Background: One of the major challenges for malaria control and elimination is the phenomenally efficient spread of malaria through sexual stage malaria parasites (gametocytes). The epidemiology and dynamics of gametocytes are poorly understood: it is presently unknown when commitment to gametocytes first occurs during infections and what intrinsic or extrinsic factors influence gametocyte production and infectivity to mosquitoes.
I hypothesize that continuous early commitment to gametocyte production and the preferential sequestration of mature gametocytes in the subdermal vasculature are key to explaining the high efficiency of malaria transmission.
Aim: This proposal has three main aims: i) to determine when commitment to gametocyte production first occurs during experimental and natural infections; ii) to delineate environmental triggers that stimulate gametocyte production in the absence and presence of treatment; iii) to quantify the differential distribution of parasite developmental stages in different compartments of the human bloodstream.
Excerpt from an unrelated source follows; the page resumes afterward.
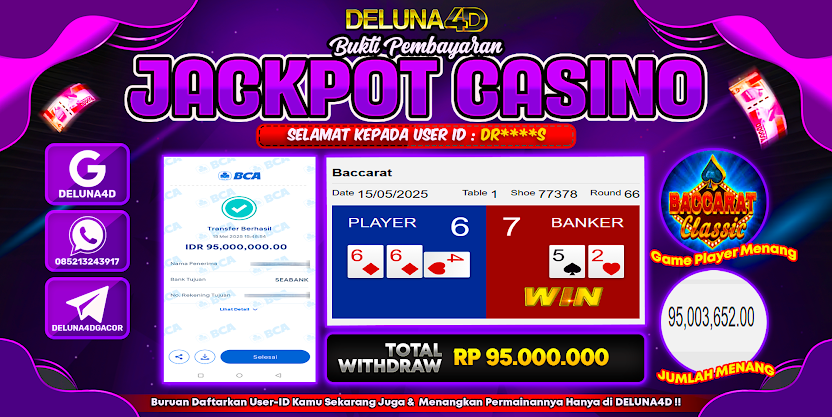 Selamat atas kemenangan User ID : DR***S, yang telah berhasil mendapatkan kemenangan di permainan LIVE CASINO – BACCARAT CLASSIC dengan kemenangan sebesar Rp95.000.000,- . Setelah mengisi formulir withdraw, hanya dalam jangka waktu 3-5 menitan tim layanan pelanggan DELUNA4D telah berhasil mengirimkan semua saldo kemenangan ke User ID tersebut.

Approach: We will use novel parasite stage composition assays in combination with epidemiological methods to determine the dynamics of gametocyte commitment and maturation during controlled malaria infections in malaria-naive volunteers and during naturally acquired malaria infections in cohorts exposed to malaria in Burkina Faso. A stage-specific immunohistochemistry assay will, for the first time, directly quantify malaria stage composition in the subdermal vasculature and mosquito bloodmeals and allow comparison with other compartments of the circulation.
Importance and Innovation: This is the first study to comprehensively characterize gametocyte commitment, maturation and infectivity in experimental and natural infections. This proposal will provide insight in one of the most important questions for malaria elimination: what processes are responsible for the phenomenally efficient transmission of malaria.